▸ To do:
Only the lines from the beginning of the entries through the one that holds "瑞典(Sweden),全称瑞" may appear in the answer, written out exactly and free of pictures.

*** Begin section ***

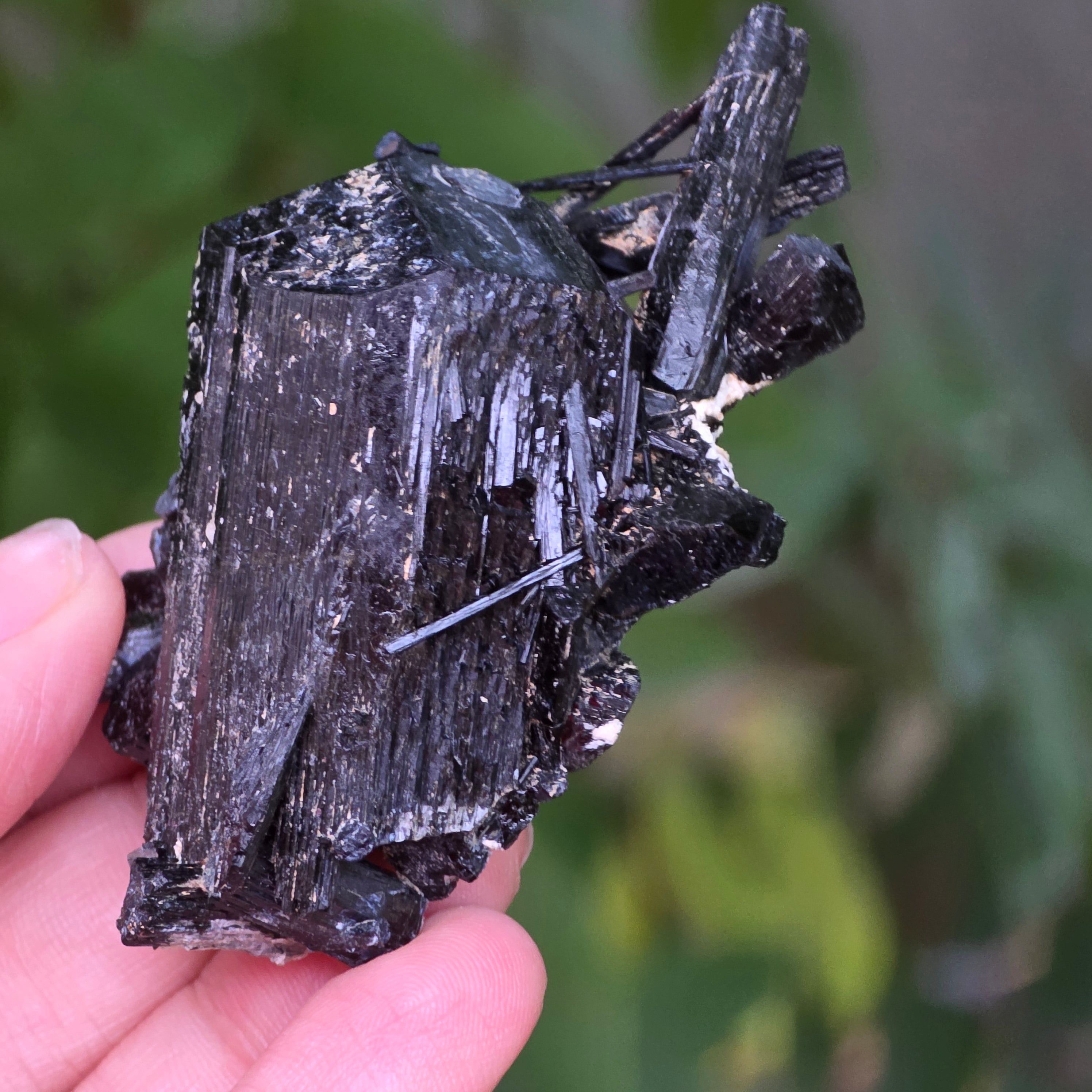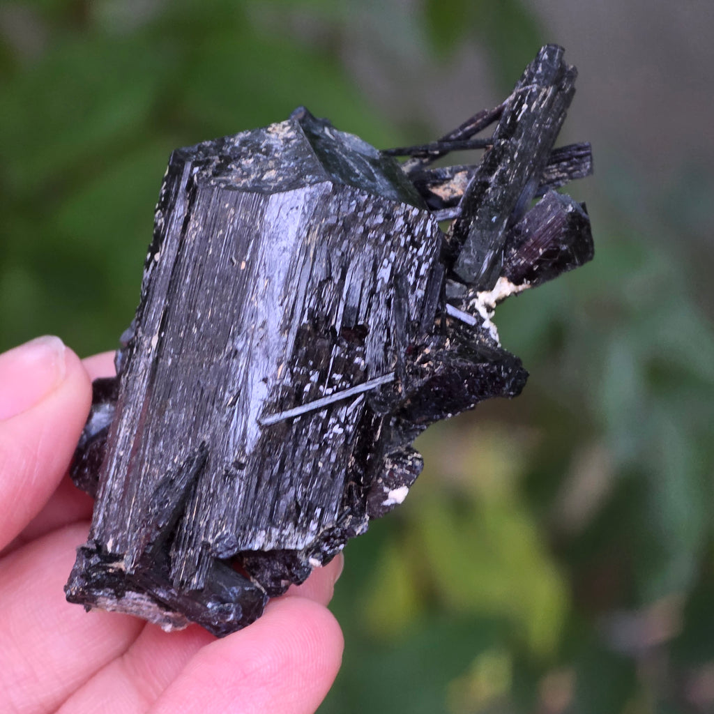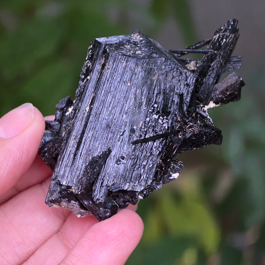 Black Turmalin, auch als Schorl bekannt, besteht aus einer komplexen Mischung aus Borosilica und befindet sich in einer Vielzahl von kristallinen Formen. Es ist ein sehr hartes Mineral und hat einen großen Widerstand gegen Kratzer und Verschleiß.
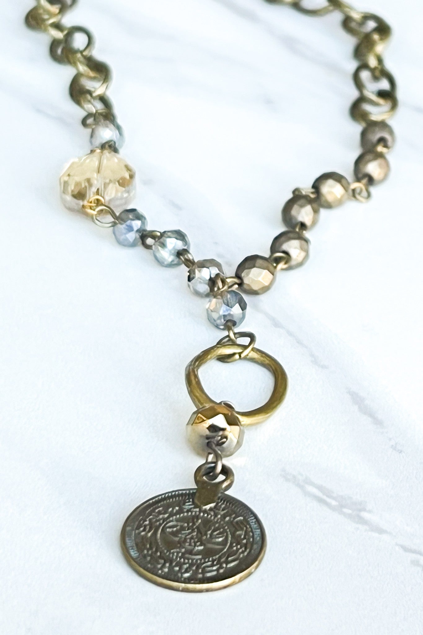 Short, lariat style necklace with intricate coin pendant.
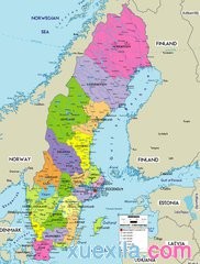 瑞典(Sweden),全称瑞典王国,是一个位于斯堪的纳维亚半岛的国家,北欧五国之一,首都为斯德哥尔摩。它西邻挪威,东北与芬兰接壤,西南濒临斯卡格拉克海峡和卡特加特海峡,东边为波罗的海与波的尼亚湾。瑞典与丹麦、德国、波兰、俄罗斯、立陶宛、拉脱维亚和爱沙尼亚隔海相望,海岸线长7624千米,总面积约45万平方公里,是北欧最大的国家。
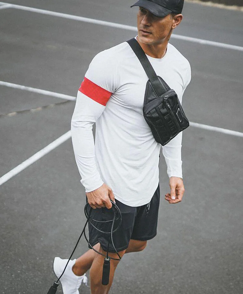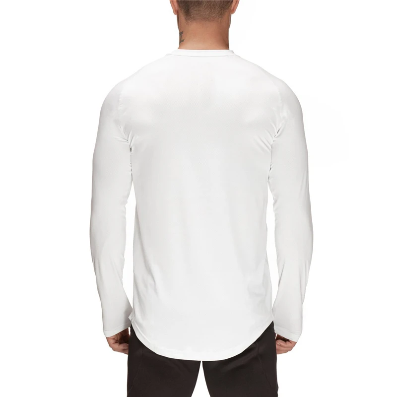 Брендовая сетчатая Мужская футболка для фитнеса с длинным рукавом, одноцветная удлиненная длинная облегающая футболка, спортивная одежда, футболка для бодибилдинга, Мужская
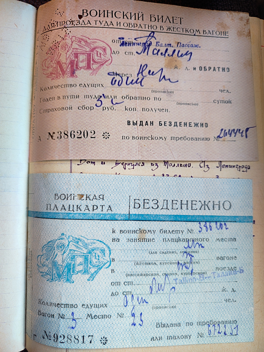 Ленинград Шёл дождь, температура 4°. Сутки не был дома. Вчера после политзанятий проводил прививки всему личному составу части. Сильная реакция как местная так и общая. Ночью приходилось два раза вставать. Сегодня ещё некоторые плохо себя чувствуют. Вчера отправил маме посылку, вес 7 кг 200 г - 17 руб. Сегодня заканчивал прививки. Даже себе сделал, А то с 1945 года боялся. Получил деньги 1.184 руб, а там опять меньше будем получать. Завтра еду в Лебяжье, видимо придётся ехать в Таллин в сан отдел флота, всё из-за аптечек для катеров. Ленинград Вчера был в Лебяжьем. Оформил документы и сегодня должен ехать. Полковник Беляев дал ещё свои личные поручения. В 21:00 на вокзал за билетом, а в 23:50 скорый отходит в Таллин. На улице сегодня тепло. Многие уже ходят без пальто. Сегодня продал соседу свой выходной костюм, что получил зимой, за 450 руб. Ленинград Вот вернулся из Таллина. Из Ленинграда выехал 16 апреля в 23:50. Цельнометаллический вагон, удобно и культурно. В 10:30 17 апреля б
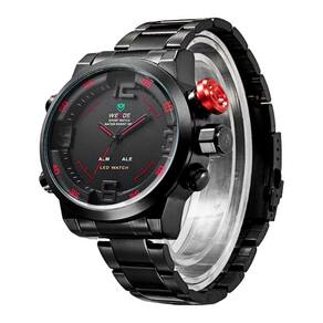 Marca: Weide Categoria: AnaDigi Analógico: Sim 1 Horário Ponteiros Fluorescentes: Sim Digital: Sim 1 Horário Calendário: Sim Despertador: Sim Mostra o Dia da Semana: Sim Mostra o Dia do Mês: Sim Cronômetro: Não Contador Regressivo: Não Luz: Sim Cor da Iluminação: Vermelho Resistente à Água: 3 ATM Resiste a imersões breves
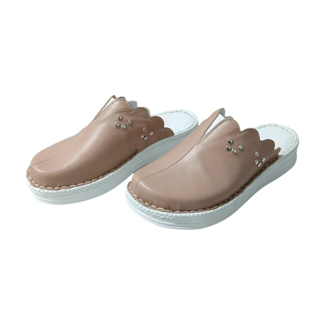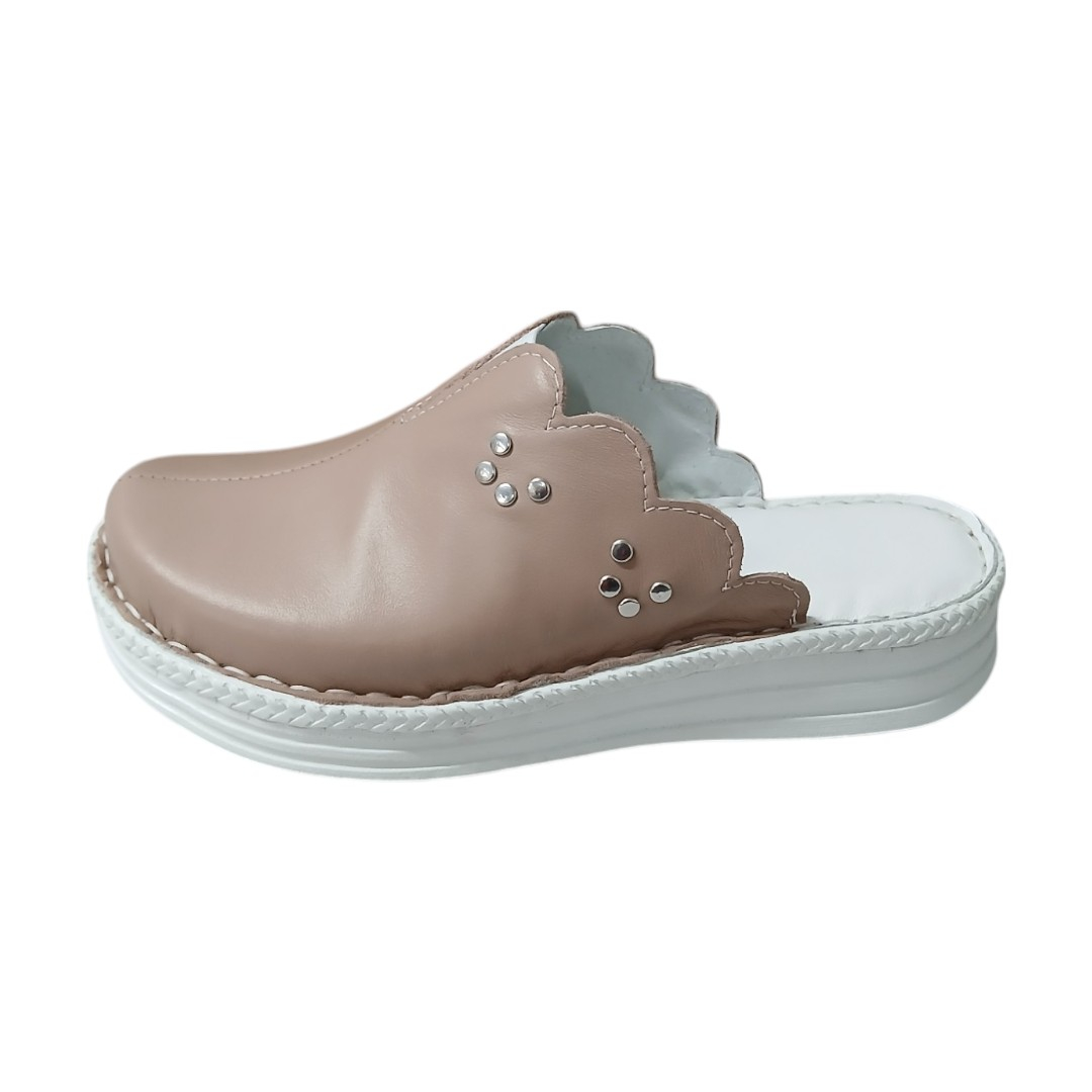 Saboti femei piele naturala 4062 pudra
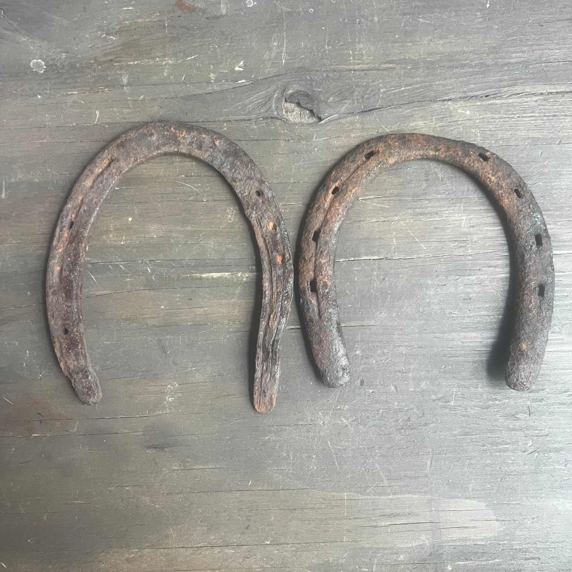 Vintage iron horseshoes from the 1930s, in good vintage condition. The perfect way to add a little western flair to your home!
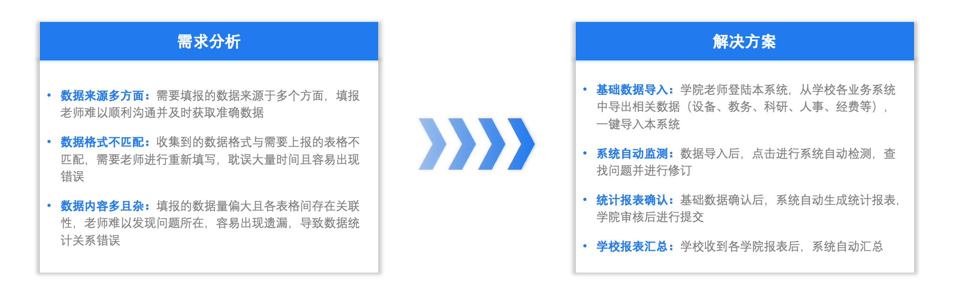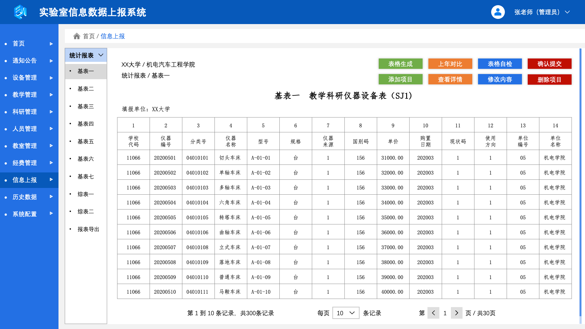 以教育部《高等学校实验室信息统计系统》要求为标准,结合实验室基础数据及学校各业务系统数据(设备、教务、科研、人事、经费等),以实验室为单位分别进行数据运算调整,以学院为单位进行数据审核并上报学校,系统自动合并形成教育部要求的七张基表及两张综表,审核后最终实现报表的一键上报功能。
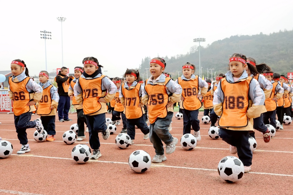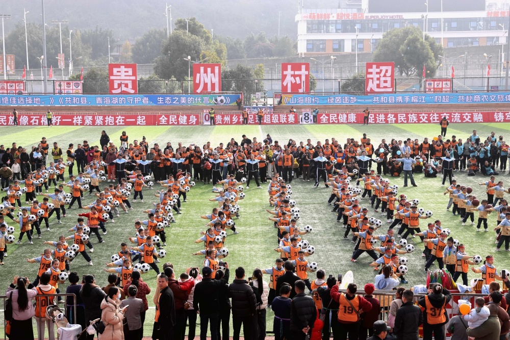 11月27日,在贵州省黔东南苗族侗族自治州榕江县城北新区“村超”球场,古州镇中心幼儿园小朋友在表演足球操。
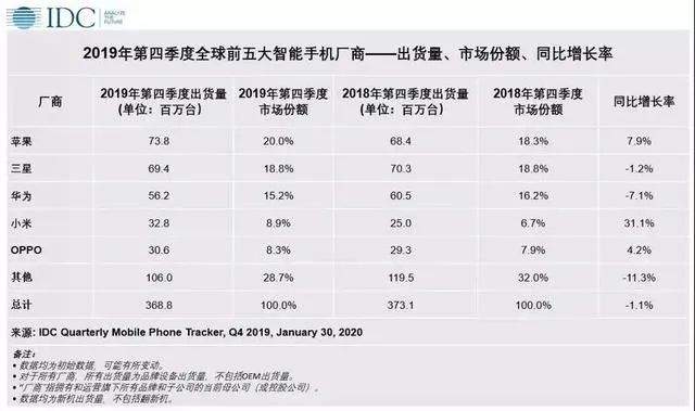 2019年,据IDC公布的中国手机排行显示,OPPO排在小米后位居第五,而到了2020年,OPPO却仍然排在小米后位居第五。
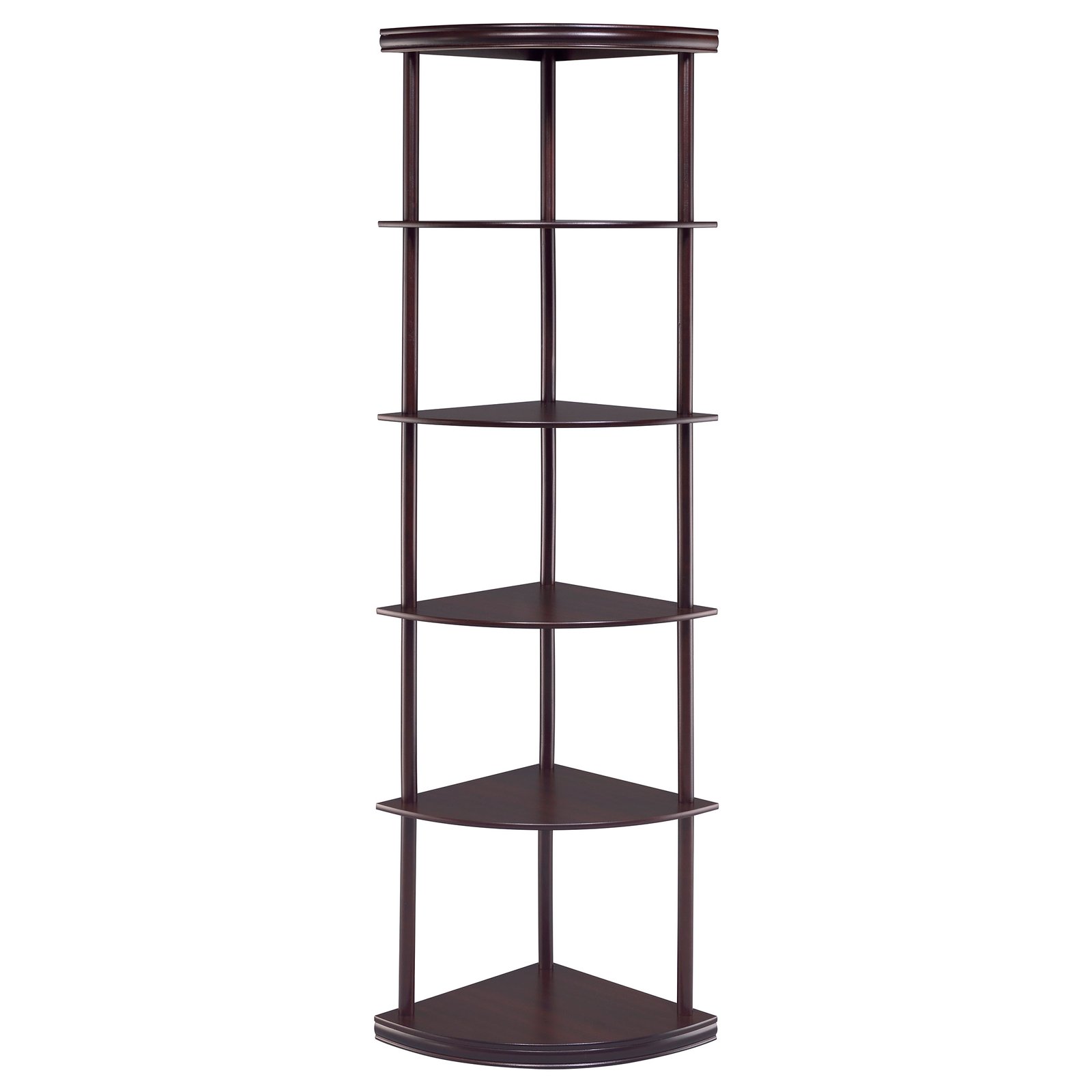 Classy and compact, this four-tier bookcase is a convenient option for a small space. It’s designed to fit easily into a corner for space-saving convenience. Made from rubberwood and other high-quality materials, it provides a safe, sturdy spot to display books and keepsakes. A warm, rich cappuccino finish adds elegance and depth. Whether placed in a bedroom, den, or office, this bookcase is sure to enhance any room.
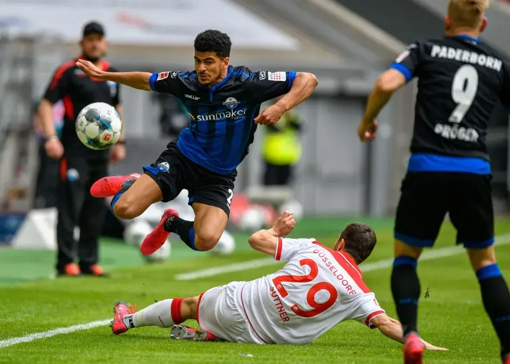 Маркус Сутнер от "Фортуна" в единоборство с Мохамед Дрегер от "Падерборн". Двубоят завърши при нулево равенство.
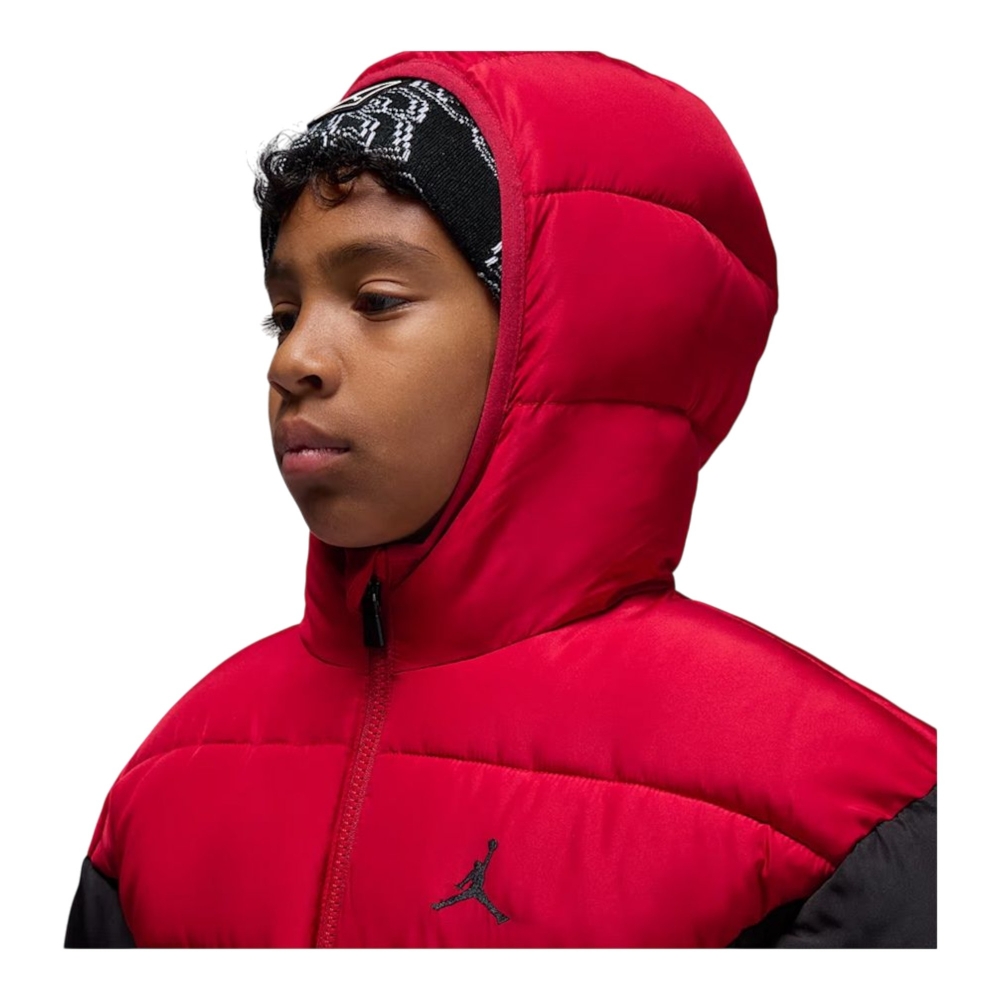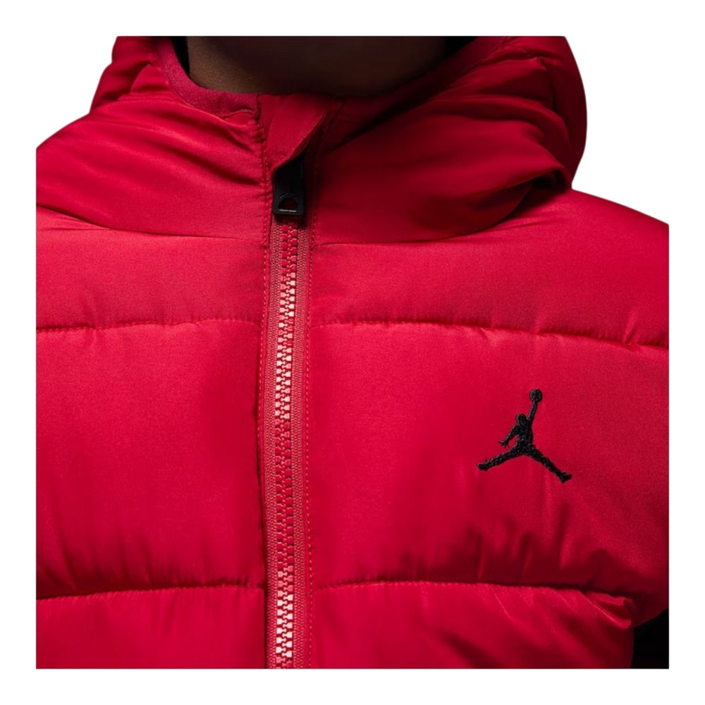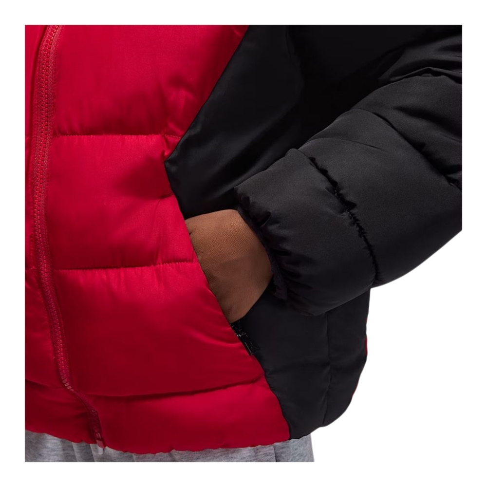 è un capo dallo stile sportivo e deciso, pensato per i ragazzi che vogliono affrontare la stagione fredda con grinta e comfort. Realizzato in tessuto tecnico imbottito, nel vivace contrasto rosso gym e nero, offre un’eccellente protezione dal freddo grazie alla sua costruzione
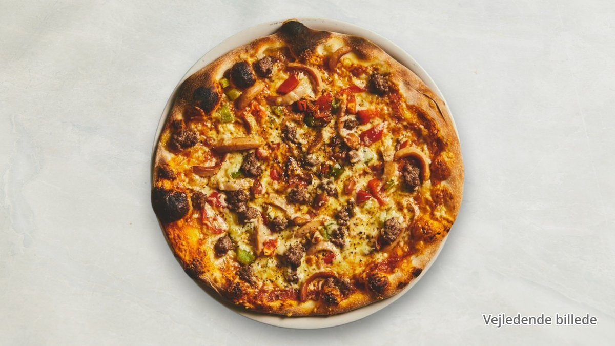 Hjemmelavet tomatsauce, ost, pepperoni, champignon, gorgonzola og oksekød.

*** End section ***

▸ Written solution:
 Black Turmalin, auch als Schorl bekannt, besteht aus einer komplexen Mischung aus Borosilica und befindet sich in einer Vielzahl von kristallinen Formen. Es ist ein sehr hartes Mineral und hat einen großen Widerstand gegen Kratzer und Verschleiß.
 Short, lariat style necklace with intricate coin pendant.
 瑞典(Sweden),全称瑞典王国,是一个位于斯堪的纳维亚半岛的国家,北欧五国之一,首都为斯德哥尔摩。它西邻挪威,东北与芬兰接壤,西南濒临斯卡格拉克海峡和卡特加特海峡,东边为波罗的海与波的尼亚湾。瑞典与丹麦、德国、波兰、俄罗斯、立陶宛、拉脱维亚和爱沙尼亚隔海相望,海岸线长7624千米,总面积约45万平方公里,是北欧最大的国家。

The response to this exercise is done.